50: 以下、名無しにかわりましてVIPがお送りします 2012/10/07(日) 21:04:34.97 ID:Kmma+OEM0
「何年でも待ちます」



 最高の言葉を口にしてから彼女は私に突進しました。

 牛を嘗めてもらってはこまります。

 持ち前の体躯を生かして彼女を抱きとめました。



 私達は笑いあいます。

 これからもきっと、笑いあいます。


52: 以下、名無しにかわりましてVIPがお送りします 2012/10/07(日) 21:05:37.18 ID:Kmma+OEM0
 待てども待てどもあの人は帰ってこなかった。

 豪雨だった。

 びしょぬれになりながら帰宅したのは変わり者だった。



 彼はぎらぎらとした恐ろしい目をしていて、昔に逆戻りしてしまったようだった。

 昔よりも酷いかもしれない。

 変わり者は帰宅してすぐに飛び出して行ってしまったが、数分後にメールが入った。



 件名はなかった。

 少し長めの文章が綴られていた。

54: 以下、名無しにかわりましてVIPがお送りします 2012/10/07(日) 21:06:15.58 ID:Kmma+OEM0
「ごめん

 足を洗ったつもりだったけど

 これから初めて私情で仕事をする

 おかしい 嫌になる おかしい

 どうして良い奴ばかりが不幸になるんだ

 俺は許せなかった」

56: 以下、名無しにかわりましてVIPがお送りします 2012/10/07(日) 21:07:33.20 ID:Kmma+OEM0
 何のことだろうか?

 私は意味の分からないメールを何度も何度も読み返した。

 何故だか涙が出てきた。

 とても悲しかった。

 やるせなかった。

 

 世の中はこういう理不尽なことがあるから嫌になるんだ……と、

 私は一つ溜息をつき、それから泣いた。

 

57: 以下、名無しにかわりましてVIPがお送りします 2012/10/07(日) 21:08:35.80 ID:Kmma+OEM0
 奇病の患者か突然変異か



 ○○県○○市で昨日十五時十二分頃、新種と思われる動物が発見されました。

 発見した近隣住民の通報により○○県警が駆けつけましたが、猟銃を所持していた住民の一人にすでに射殺されていた状態で発見されました。

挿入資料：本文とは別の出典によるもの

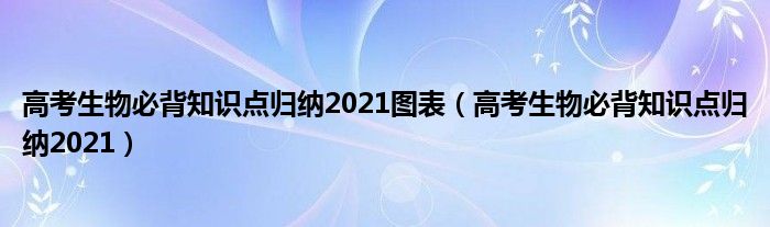 大家好,乐儿来为大家解答以下问题,高考生物必背知识点归纳2021图表,高考生物必背知识点归纳2021很多人还不知道,现在让我们一起来看看吧!

 猟銃を所持していた男の話では「突然襲い掛かってきた、護身のためにやむをえなかった」とのことで、射殺された亡骸は回収され研究が進められる模様です。

 なお住宅街に現れた動物は胴体が人間、頭が牛の形をしており、○○大学を含む研究機関は奇病を患った人間である、突然変異の哺乳類である、という二つの観点から検査を進めていくようです。